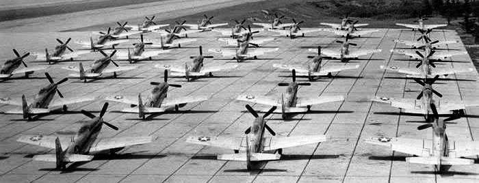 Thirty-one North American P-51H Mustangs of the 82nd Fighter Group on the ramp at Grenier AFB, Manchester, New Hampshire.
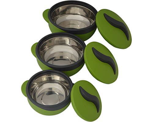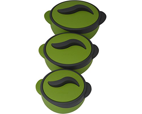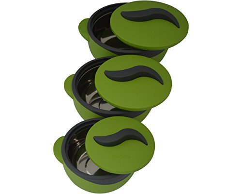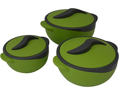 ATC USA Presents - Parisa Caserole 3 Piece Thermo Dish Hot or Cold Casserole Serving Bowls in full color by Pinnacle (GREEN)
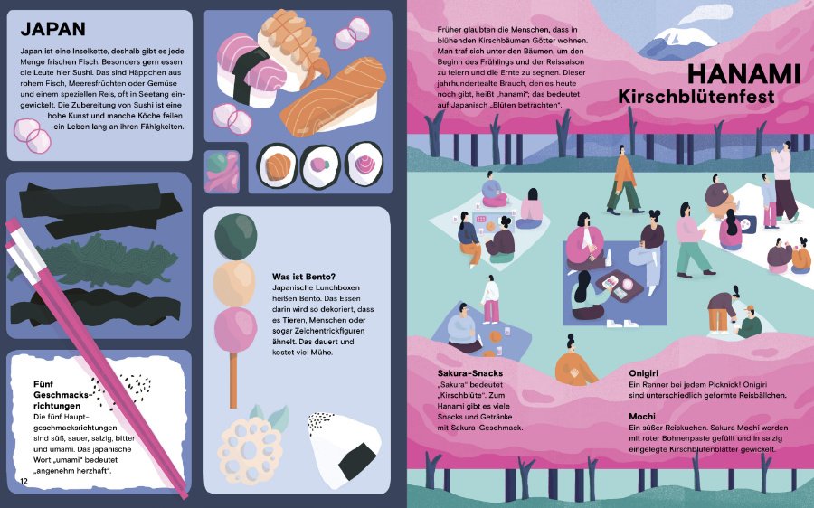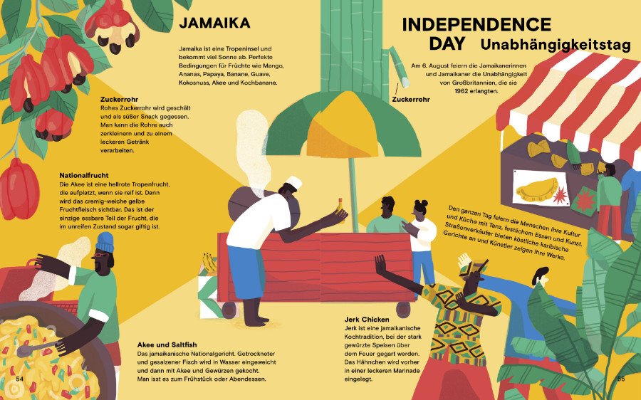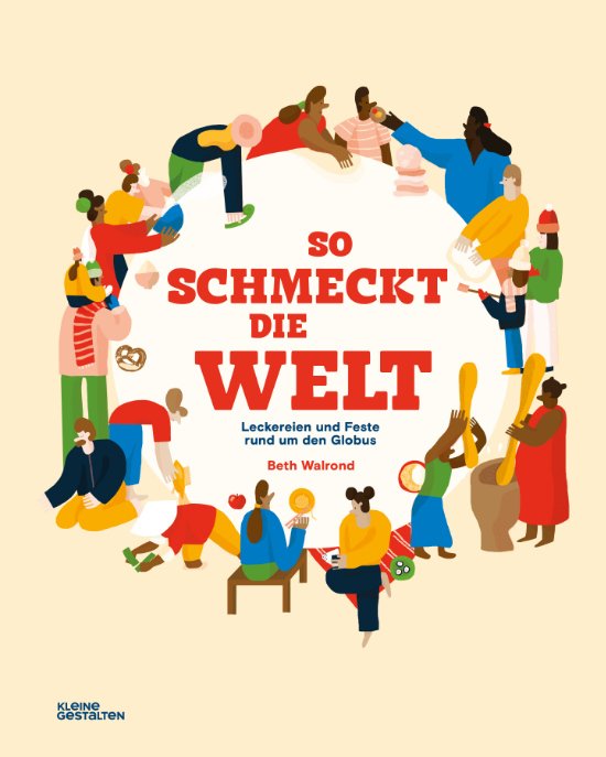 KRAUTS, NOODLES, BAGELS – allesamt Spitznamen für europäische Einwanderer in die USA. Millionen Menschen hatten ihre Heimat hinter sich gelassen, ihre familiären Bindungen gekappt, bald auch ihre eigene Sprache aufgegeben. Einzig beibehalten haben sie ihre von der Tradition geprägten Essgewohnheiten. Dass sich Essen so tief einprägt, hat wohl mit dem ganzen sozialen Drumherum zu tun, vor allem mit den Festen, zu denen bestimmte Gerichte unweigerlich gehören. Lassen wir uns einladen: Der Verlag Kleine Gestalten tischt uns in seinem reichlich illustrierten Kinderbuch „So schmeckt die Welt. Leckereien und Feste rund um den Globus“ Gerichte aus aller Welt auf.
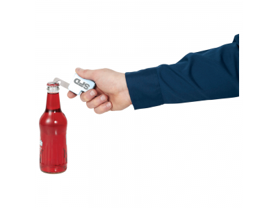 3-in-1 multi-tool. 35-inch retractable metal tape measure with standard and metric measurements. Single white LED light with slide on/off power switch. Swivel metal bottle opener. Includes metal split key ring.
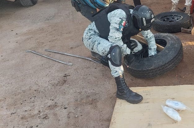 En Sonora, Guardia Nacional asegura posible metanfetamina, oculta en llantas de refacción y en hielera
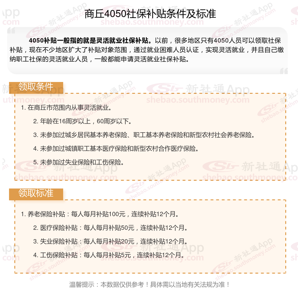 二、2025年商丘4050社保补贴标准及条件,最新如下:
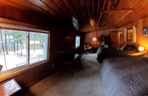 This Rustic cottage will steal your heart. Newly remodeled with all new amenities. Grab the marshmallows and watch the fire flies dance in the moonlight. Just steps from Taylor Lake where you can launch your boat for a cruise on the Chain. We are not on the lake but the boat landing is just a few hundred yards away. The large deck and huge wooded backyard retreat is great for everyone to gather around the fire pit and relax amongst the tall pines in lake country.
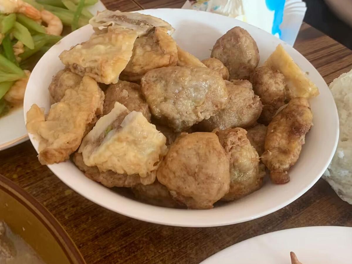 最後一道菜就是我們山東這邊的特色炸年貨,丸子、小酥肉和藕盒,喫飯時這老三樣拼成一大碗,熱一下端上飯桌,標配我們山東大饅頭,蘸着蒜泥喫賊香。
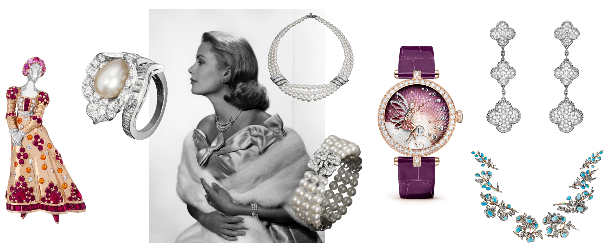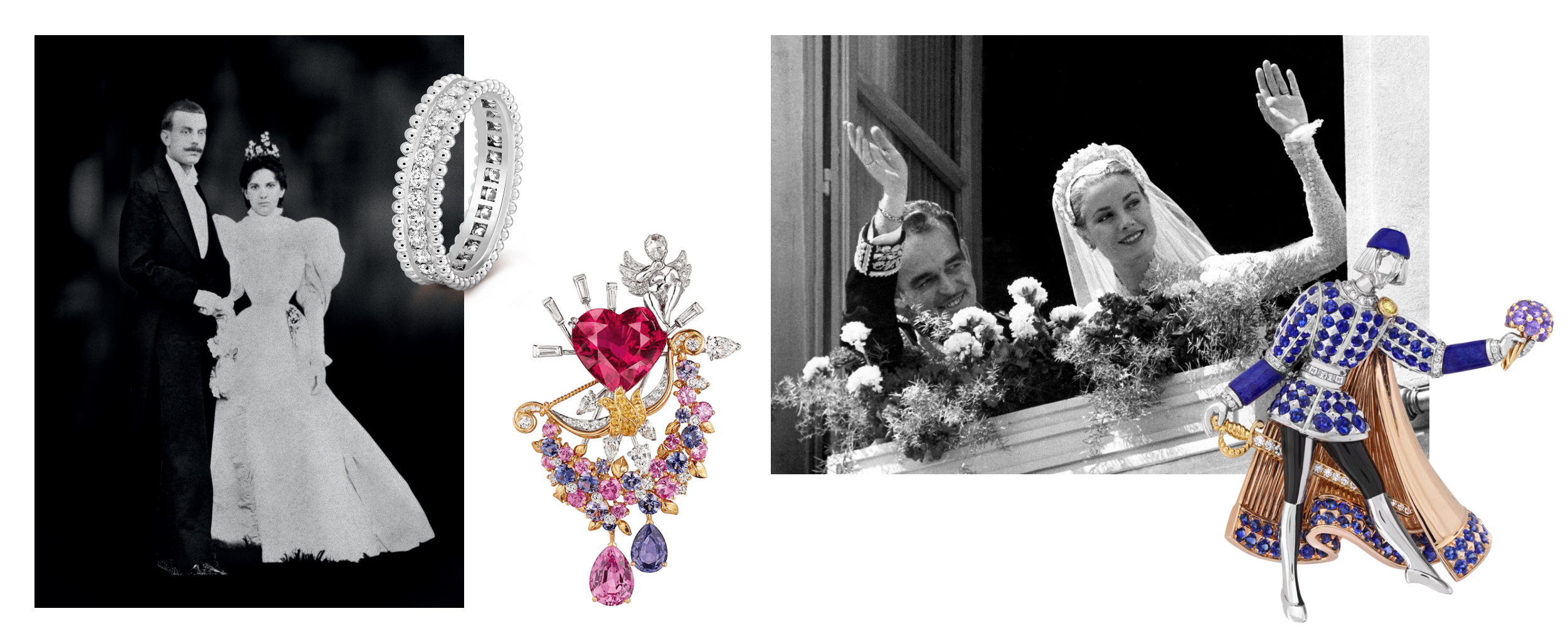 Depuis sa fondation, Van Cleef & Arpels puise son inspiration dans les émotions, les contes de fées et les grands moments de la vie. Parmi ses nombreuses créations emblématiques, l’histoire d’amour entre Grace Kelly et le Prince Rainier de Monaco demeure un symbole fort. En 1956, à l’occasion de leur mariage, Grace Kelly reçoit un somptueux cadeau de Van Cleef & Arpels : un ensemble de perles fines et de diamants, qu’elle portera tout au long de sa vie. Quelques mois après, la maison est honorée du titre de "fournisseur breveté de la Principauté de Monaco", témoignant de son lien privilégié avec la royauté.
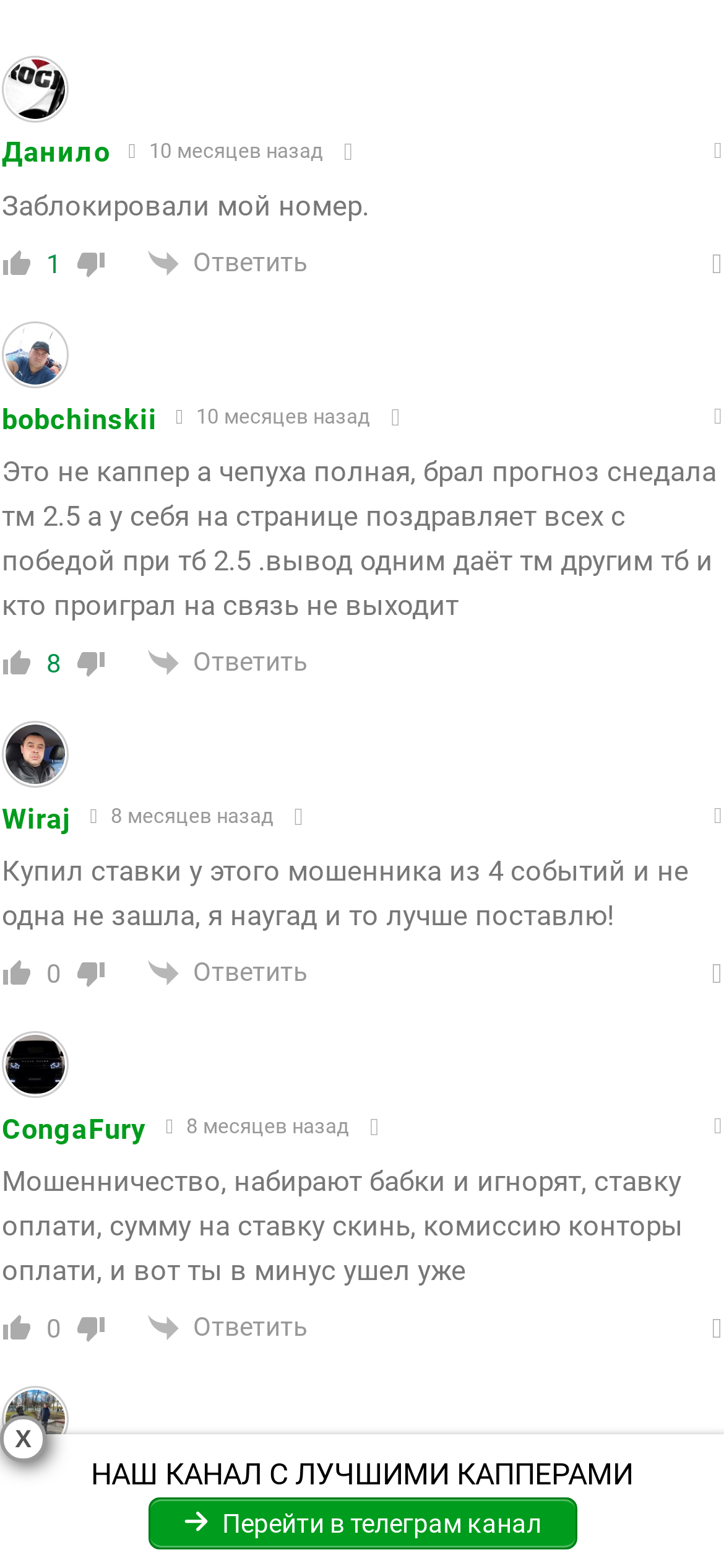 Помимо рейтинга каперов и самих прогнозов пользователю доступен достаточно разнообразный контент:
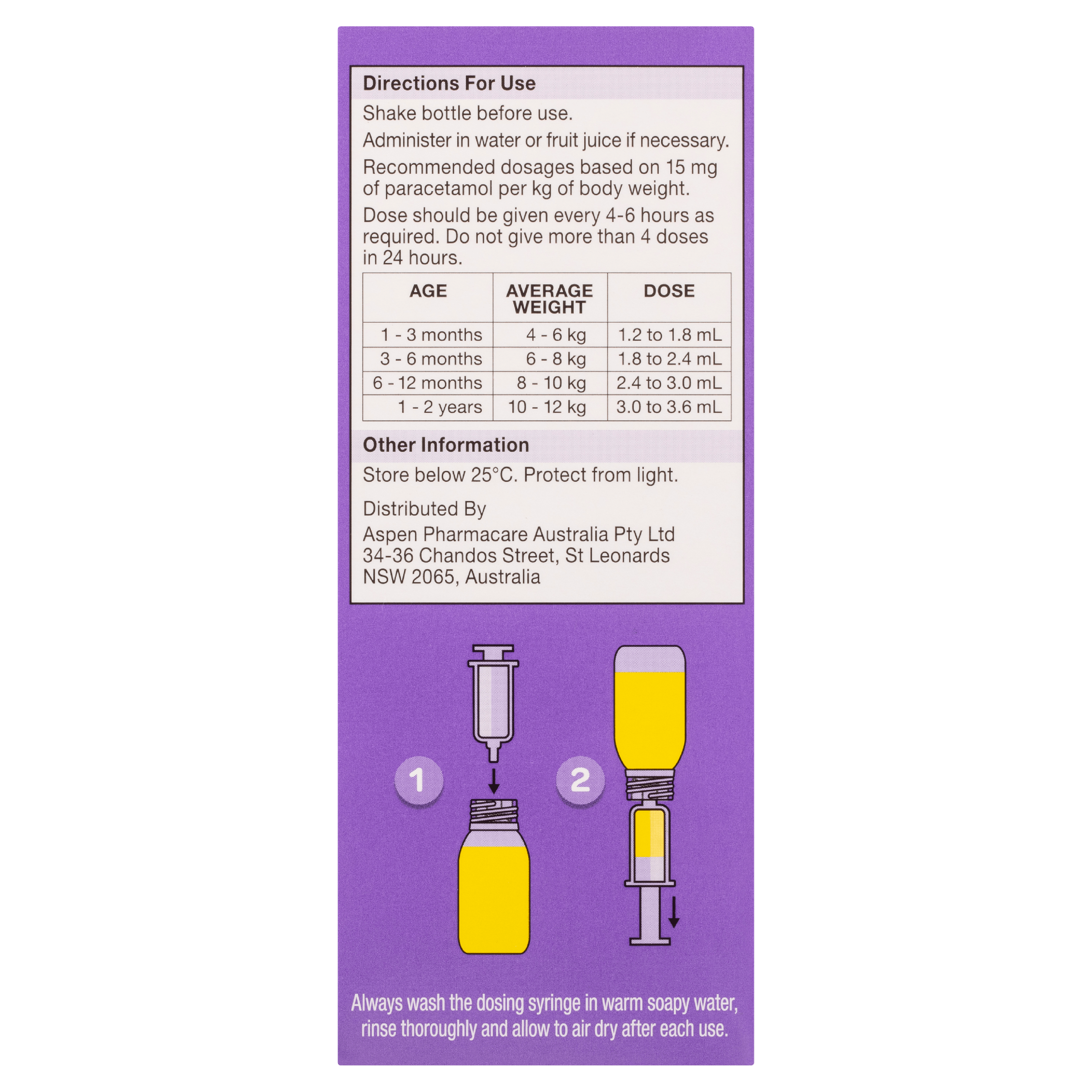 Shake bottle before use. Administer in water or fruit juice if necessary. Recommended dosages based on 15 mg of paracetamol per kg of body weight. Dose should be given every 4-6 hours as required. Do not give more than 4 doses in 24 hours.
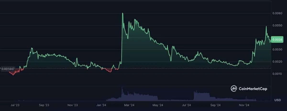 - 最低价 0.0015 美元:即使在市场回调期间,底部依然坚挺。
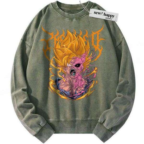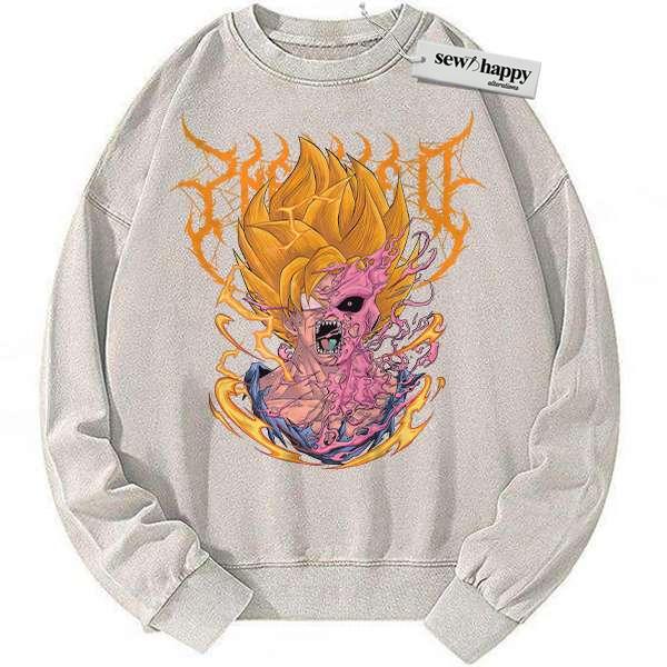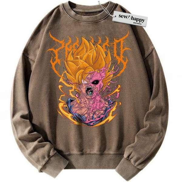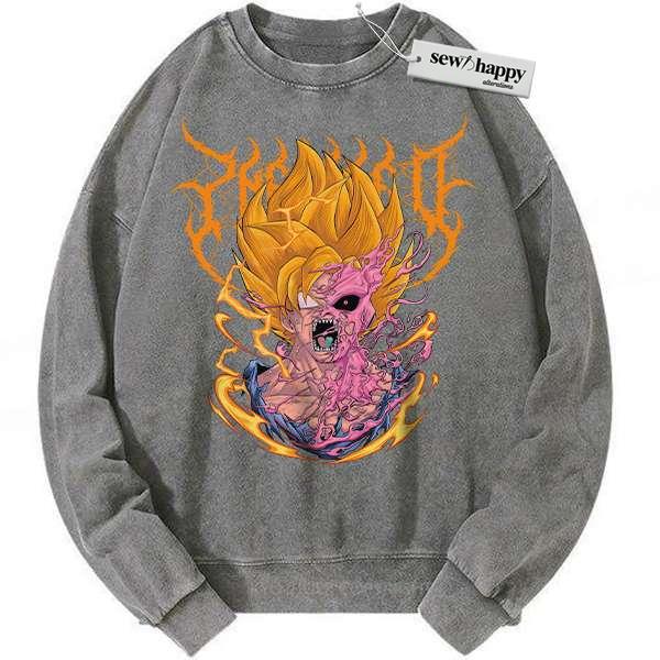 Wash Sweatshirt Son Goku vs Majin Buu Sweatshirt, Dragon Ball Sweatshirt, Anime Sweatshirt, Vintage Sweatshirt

◇ ◇ ◇ ◇ ◇

_Work to complete_
Take the records from their first line through the line containing "ATC USA Presents" and please return exactly those lines, both ends included, minus the pictures.

_Answer below_
 Thirty-one North American P-51H Mustangs of the 82nd Fighter Group on the ramp at Grenier AFB, Manchester, New Hampshire.
 ATC USA Presents - Parisa Caserole 3 Piece Thermo Dish Hot or Cold Casserole Serving Bowls in full color by Pinnacle (GREEN)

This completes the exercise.